The Catalan numbers are one of the most pervasive sequences in combinatorics. Stanley’s book on enumerative combinatorics lists over 200 distinct combinatorial interpretations of $C_n$. The power of the theory is not just that the formula works, but that the bijections between interpretations are themselves mathematically illuminating. Understanding why parenthesizations and lattice paths give the same count is more valuable than knowing the formula.
Five Interpretations
Let $C_n$ denote the $n$-th Catalan number ($C_0 = 1$).

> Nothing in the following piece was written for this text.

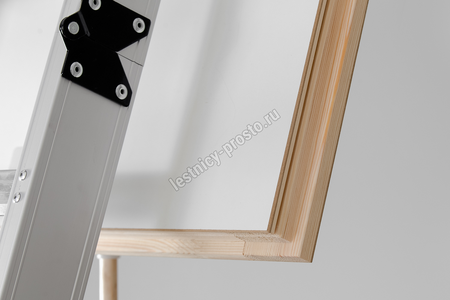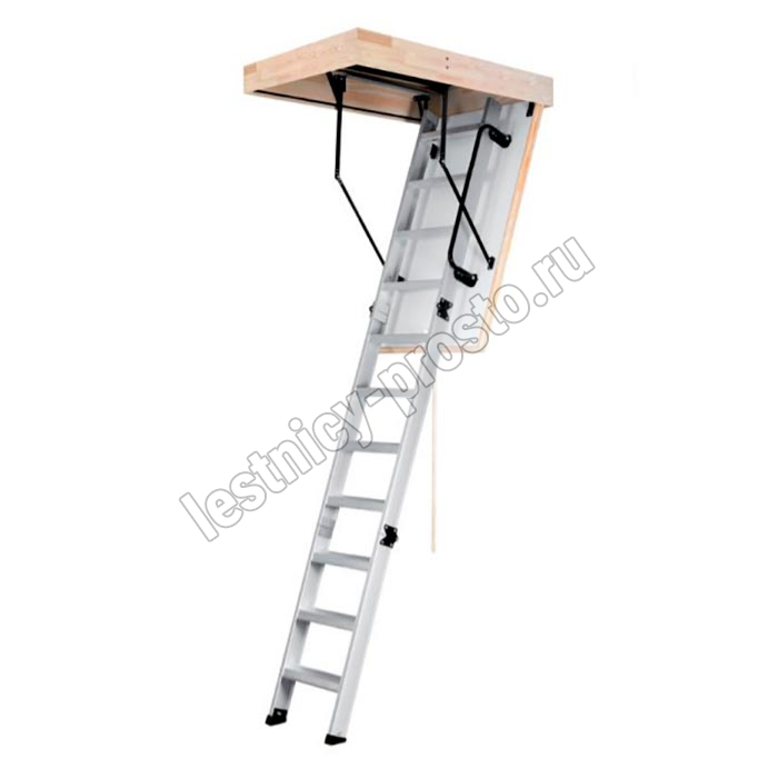 Складная 4-х секционная чердачная лестница. Рабочая поверхность полностью выполнена из алюминия. Термоизоляционная крышка типа "сэндвич" имеет усиленную теплозащиту, облицована с двух сторон ДВП белого цвета. По контуру короба имеется уплотнитель; Все металлические элементы лестницы покрыты порошковой краской.

The following sets all have the same size $C_n$:
-
Parenthesizations: the number of ways to fully parenthesize a product of $n+1$ factors.
-
Full binary trees: the number of full binary trees (every internal node has exactly 2 children) with $n+1$ leaves (equivalently, $n$ internal nodes).
-
Monotone lattice paths: the number of monotone paths from $(0,0)$ to $(n,n)$ using unit steps right (R) and up (U) that never go strictly above the diagonal $y = x$.
-
Balanced parentheses: the number of strings of $n$ opening and $n$ closing parentheses that are valid (every prefix has at least as many opens as closes).
-
Polygon triangulations: the number of ways to triangulate a convex $(n+2)$-gon by drawing non-crossing diagonals.
For example, $C_3 = 5$:
- 5 parenthesizations of $abcd$
- 5 full binary trees with 4 leaves
- 5 paths from $(0,0)$ to $(3,3)$ not going above $y = x$
- 5 valid strings of 3 open and 3 close brackets
- 5 triangulations of a convex pentagon
The bijections between these interpretations are instructive. A full binary tree with $n+1$ leaves corresponds to a parenthesization of $n+1$ factors (each internal node represents a multiplication). A valid bracket sequence corresponds to a lattice path (open bracket = step right, close bracket = step up). These bijections make precise the sense in which all five interpretations are “the same” combinatorial structure.
The Recurrence
The Catalan numbers satisfy the recurrence
$$C_0 = 1, \qquad C_n = \sum_{i=0}^{n-1} C_i \cdot C_{n-1-i} \quad \text{for } n \geq 1.$$
Derivation (binary trees). Every full binary tree with $n+1$ leaves has a root whose left subtree has $i+1$ leaves and right subtree has $n-i$ leaves, for some $0 \leq i \leq n-1$. The number of left subtrees is $C_i$ and the number of right subtrees is $C_{n-1-i}$. Summing over all splits:
$$C_n = \sum_{i=0}^{n-1} C_i \cdot C_{n-1-i}.$$
This convolution structure is what makes generating functions the natural tool for computing $C_n$.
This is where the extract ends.